Ma oltre ai pericoli per la salute, c’è qualcosa di oscuro in tutto questo: la trasformazione dei figli in cose. Cose da regalare, cose da desiderare. Un fenomeno non solo italiano, ma diffuso, dalla Francia agli Stati Uniti.

C’è qualcosa di inquietante e anche di primitivo nel desiderio di tramandare la specie spargendo sperma come stalloni.
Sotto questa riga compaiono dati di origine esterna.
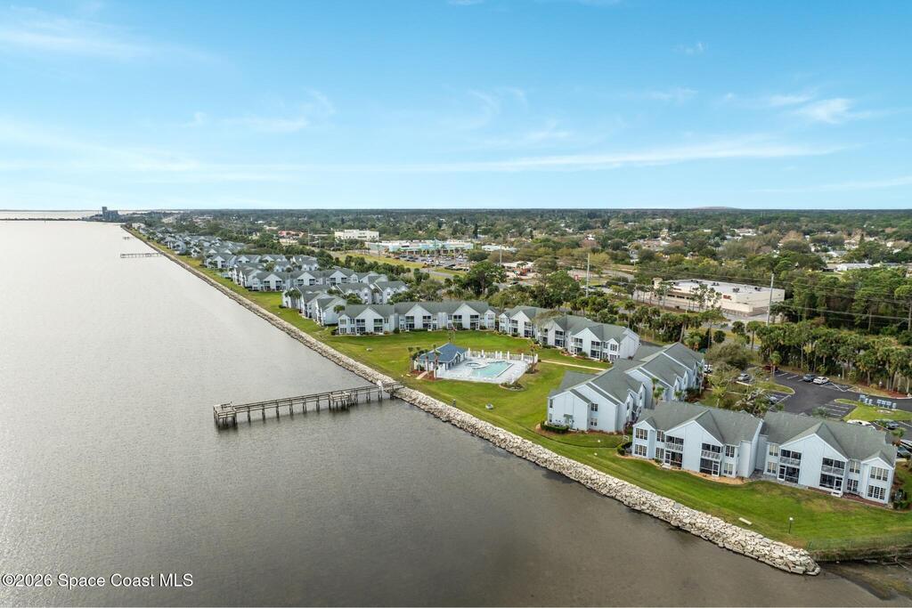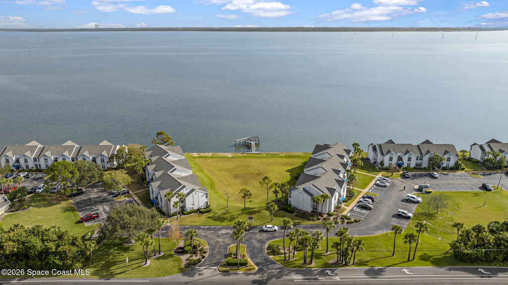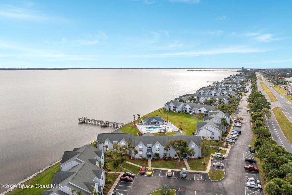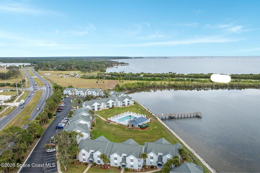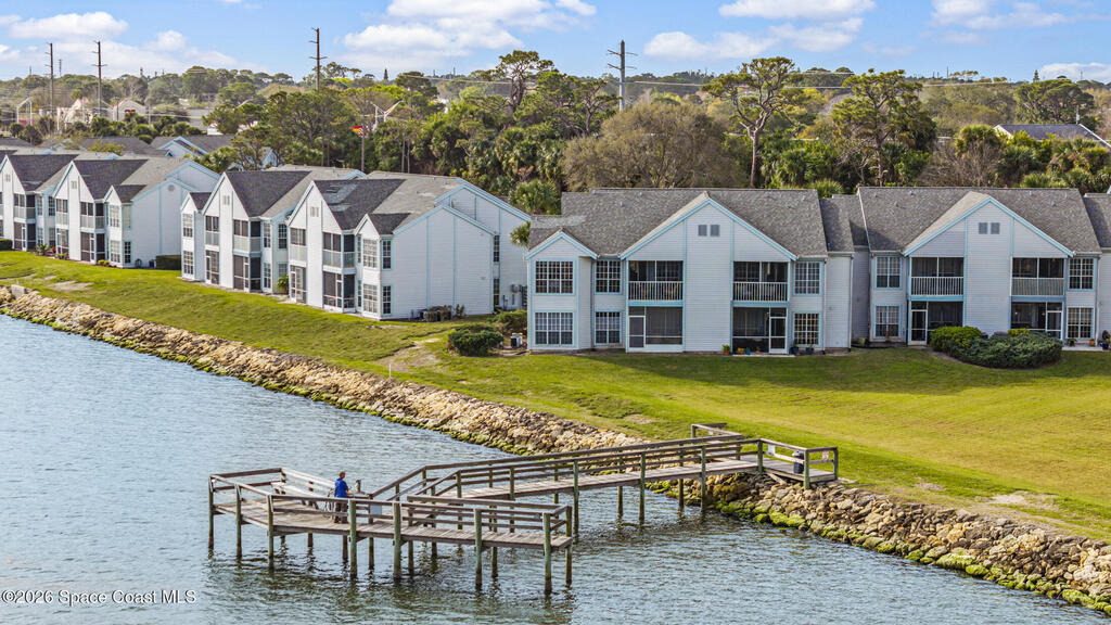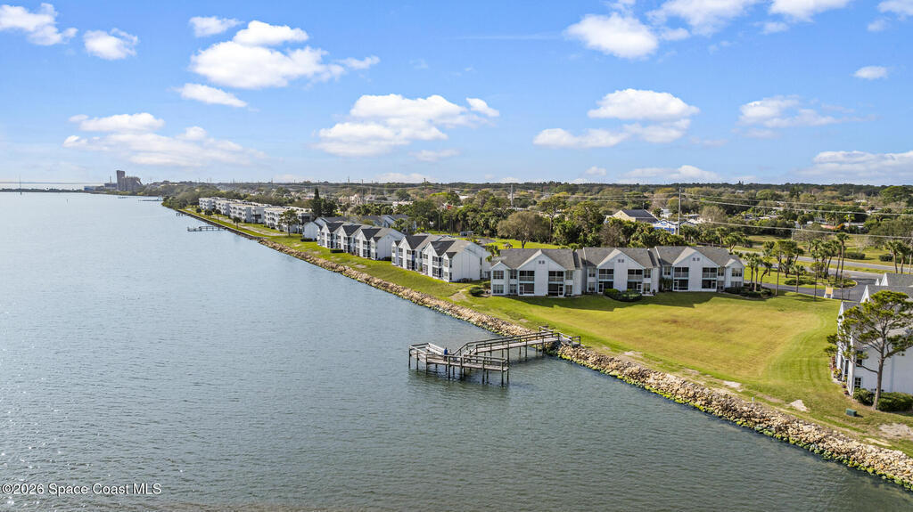 Nestled along the tranquil shores of the Indian River Lagoon, this beautifully updated first-floor end-unit condo offers captivating water views and a true coastal lifestyle. Wake up to shimmering sunrises, sip your coffee and watch dolphins and manatees glide by, and enjoy front-row views of iconic rocket launches--all from the comfort of your screened in waterfront patio.This spacious residence features 2 bedrooms plus a versatile flex room, ideal for a guest suite, home office, or fitness space, along with 2 full bathrooms and 1,186 square feet of thoughtfully designed living space. Ground-floor living with no stairs provides ease and convenience.The coastal-inspired kitchen showcases quartz countertops, white shaker cabinetry with gray accents, stainless steel appliances, a stylish backsplash, and a soft-touch faucet--perfect for both everyday living and entertaining. Bamboo laminate flooring flows through the main living areas, while plush new carpeting enhances the bedrooms
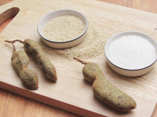 Bước 3: Bóc bỏ vỏ me, lấy phần ruột me cho vào chảo. Thêm 1 chút nước (khoảng 500ml) rồi đặt chảo me lên bếp, vừa đun vừa quấy để thịt me tan ra.
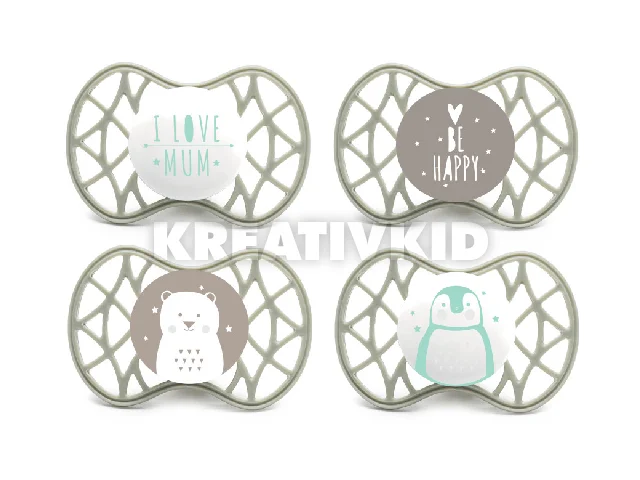 - Rácsos kialakításuk biztosítja a száj körüli szellőzést, megkönnyíti a légzést, és megakadályozza a nyál felhalmozódását és a cumi irritációját.
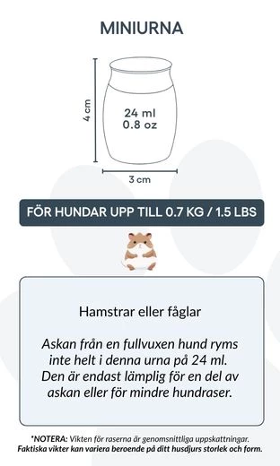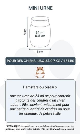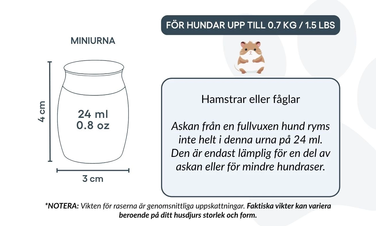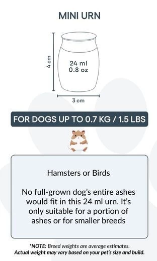 Available in silver, gold, and rose gold, the urn’s compact size makes it ideal for small pets such as hamsters or birds—or for keeping part of the ashes of larger dogs. It’s a versatile and tender way to celebrate a loyal companion’s life, keeping them close even after they’ve gone. For those who wish to preserve only a portion of their beloved dog’s ashes—whether for sharing with family, creating multiple keepsakes, or combining with other memorials—this urn can also be a meaningful choice for larger dogs. It allows you to keep a part of them close, in a way that feels right for you.
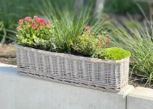Rattan Pflanzkorb Rustikal rund, groß, grau, Outdoor Blumentopf, Pflanzkübel, Pflanztopf für Draußen, Blumenkübel, Blumenkasten, Pflanzkasten (Pflanzkasten rechteckig 60 cm)
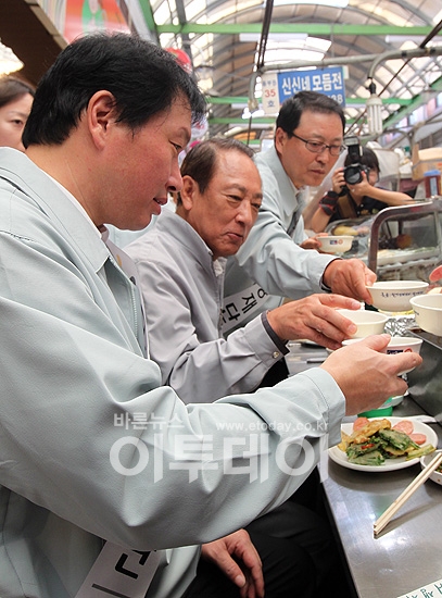 최태원 SK그룹 회장이 7일 오전 종로광장시장에서 열린 '미소금융 활성화를 위한 스마트폰 어플리케이션 및 넷북 전달식'을 마친후 김승유 미소금융중앙재단 이사장, 정만원 SKT 사장 및 관계자들과 막걸리를 마시며 이야기를 나누고 있다.
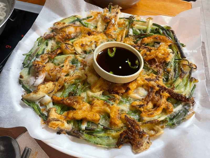 큼직한 새우와 오징어, 파가 듬뿍 들어간 해물파전이다. 아낌없이 들어간 큼직큼직한 해산물과 바삭함까지 맛볼 수 있었다. 덕분에 막걸리를 추가 주문하여 함께 맛보았다.
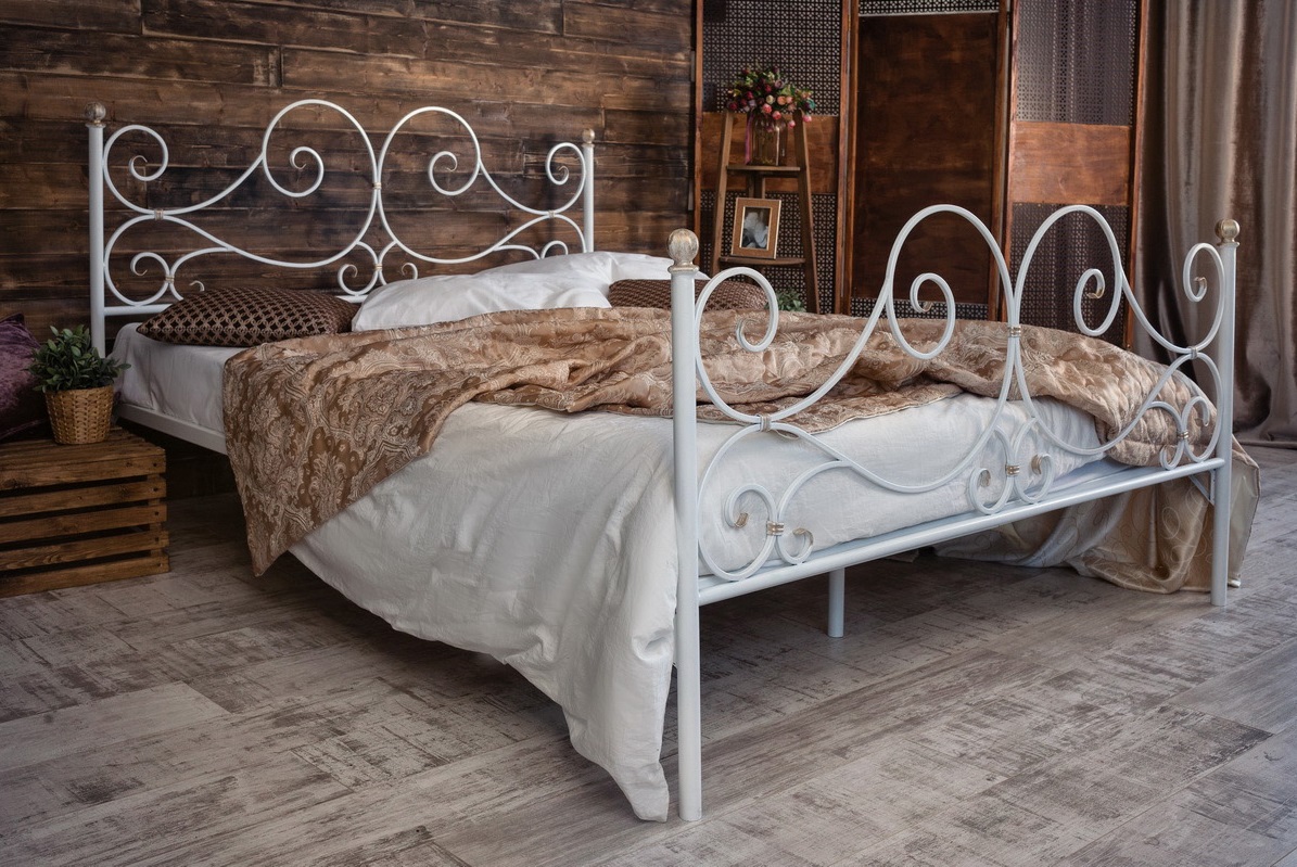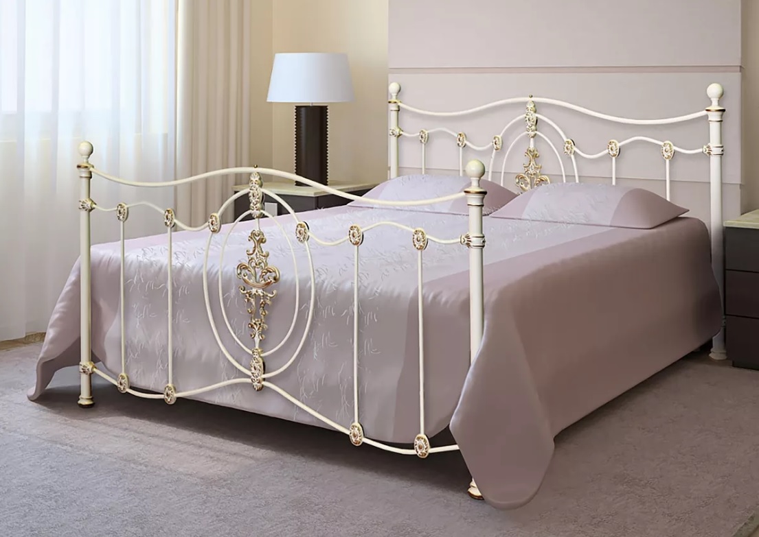 Le cadre des lits forgés est entièrement en métal. Pour leur fabrication, une grande variété de métaux est utilisée : fer, cuivre, aluminium, ainsi que des alliages : laiton, fonte, bronze.

E nella pratica, che finisce per comprendere spesso l’atto sessuale, con il patto di nessuna pretesa successiva, c’è il sogno di parecchi maschi. Per questo l’aspirazione “a fare felici le donne e a dare la vita” può sembrare a volte tutto un immenso alibi maschilista e un delirio di onnipotenza. Ma hanno importanza le vere o presunte intenzioni del donatore se il fine ultimo per una donna è avere un figlio? Gli scenari che si aprono in realtà sono di tutt’altra natura. Come si farà a evitare che un fratello e una sorella senza saperlo non si incontrino sessualmente e magari procreino? (Wired, 2014)

Anche per questo la questione di una più stretta regolamentazione è fondamentale, i potenziali rischi per le generazioni a venire oggi possono sembrare allarmismo, domani potrebbero risultare fondati.